The Virgin is seated on a marble seat, intricately carved and decorated with multi-coloured inlay, outlined in gold. It resembles a Roman tomb, perhaps as a reminder of Christ’s future sacrifice at his Crucifixion. Here, Christ is shown as an infant, tenderly reaching to touch his mother’s face, a gesture also found in paintings by Duccio, Siena’s most renowned painter in the fourteenth century.
The fine detail, the decorative use of gold leaf and the gentle and graceful nature of the holy figures are key features of Sienese painting of this period. Ugolino da Nerio was a Sienese artist who was working at the same time as Duccio; he would have known Duccio’s work well and emulated his style. When this work was purchased, it was thought to be by Duccio but recent technical analysis of the drawing beneath the painted surface compares it more closely to documented works by Ugolino.
The careful painting of intricate details in this small panel, made for private contemplation, transforms it into a precious object as well as an aid to devotion. Even the reverse, painted to imitate marble, was not neglected, indicating that it was made to be portable rather than fixed to a wall. The owner might have taken it with him on his travels as a focus for prayer when away from home. It may have been hinged to another panel to form a diptych, which could have been closed like a book to protect the images within.
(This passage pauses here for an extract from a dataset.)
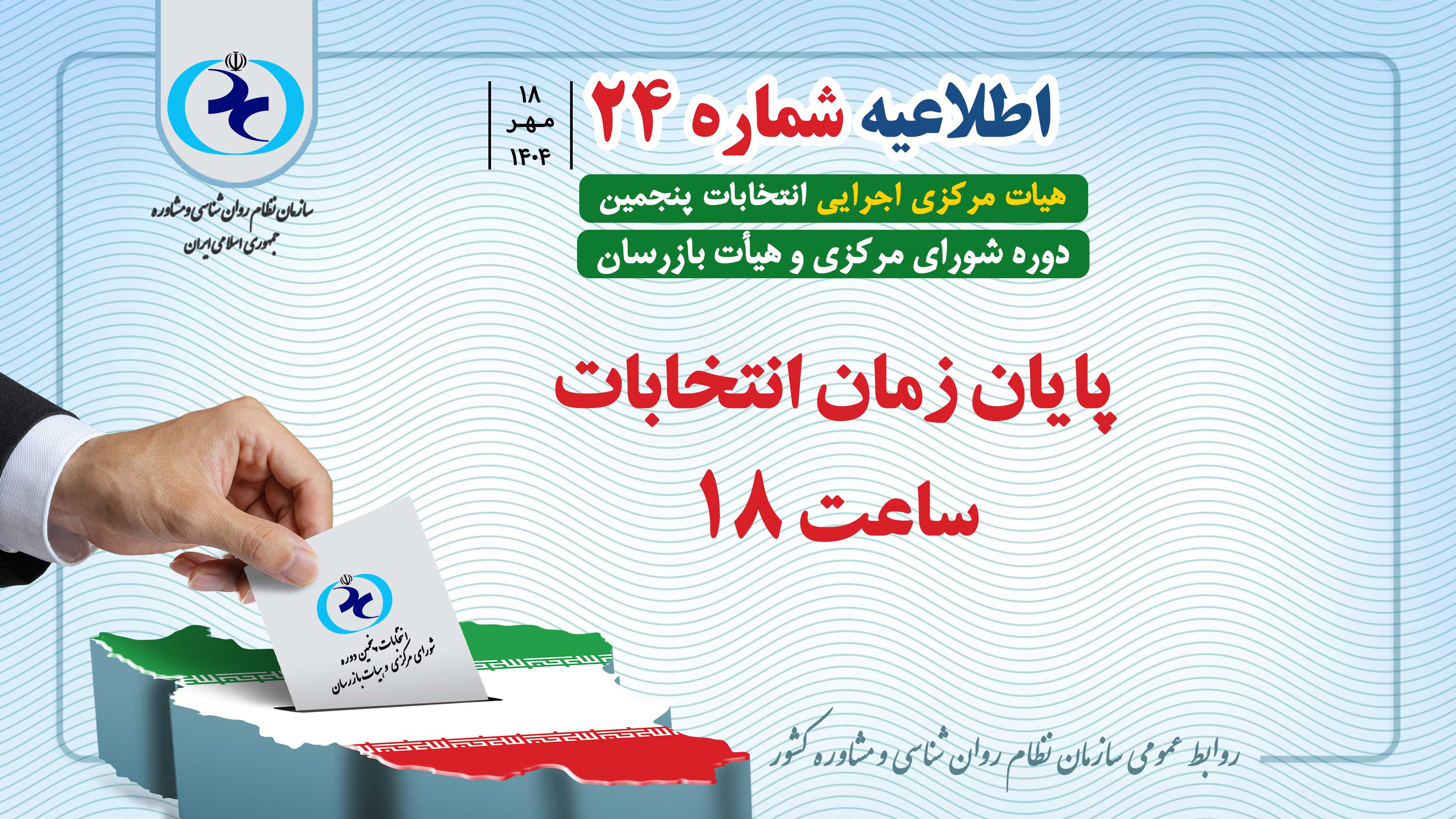 اطلاعیه شماره 24 | پایان زمان رایگیری ساعت 18؛ در صورت تمدید اطلاعرسانی خواهد شد

The Virgin Mary holds the Christ Child in her arms. She is seated on a green cushion placed upon a marble box-like seat – its surface and the step supporting her feet are decorated with coloured marble inlays outlined with gilding. The front is carved with acanthus leaves and rosettes recalling Roman sarcophagi (marble tombs) which were usually elaborately decorated. The corbels that jut out beneath the upper surface are similar to those found supporting roofs in ancient buildings and seem to suggest that, like a tomb, the structure has a lid. Two angels hold up a red cloth, embroidered with gold thread, creating a makeshift throne. The combination of tomb and throne may be intended to make a theological point about Christ’s dual nature as human and divine. As a human he was crucified and died but as a divine being he was resurrected, majestically triumphing over death. Here Christ is still a baby, his little foot resting upon his mother’s wrist as he reaches to touch her face. Her expression is sorrowful, however, as though she is contemplating his future sacrifice.
When this painting was acquired by the National Gallery in 1968 it was thought to be by Duccio di Buoninsegna, the most well-known fourteenth-century Sienese painter. Recently, technical investigation using infrared light has enabled us to see the drawing beneath the painted surface. Comparisons of this drawing with those found under paintings firmly attributed to Duccio, such as The Virgin and Child with Saint Dominic and Saint Aurea, and Patriarchs and Prophets, show how different they are. It compares well, however, with the drawing found on The Betrayal of Christ from the Santa Croce altarpiece – Ugolino’s only surviving signed work.
As accomplished artists from the same city, Ugolino and Duccio would certainly have known each other’s work well. The Christ Child’s tender gesture recalls small panels by Duccio including the picture known as the Stoclet Madonna in the Metropolitan Museum of Art, New York. Examination of the underdrawing shows that the artist changed his mind while painting and diverged from Duccio’s version slightly by turning Christ’s face towards the viewer, perhaps to allow a more engaging view. This little panel has been dated to 1305 to reflect the fact that it resembles Duccio’s work at around this time when, as here, his contours and colours were soft and muted.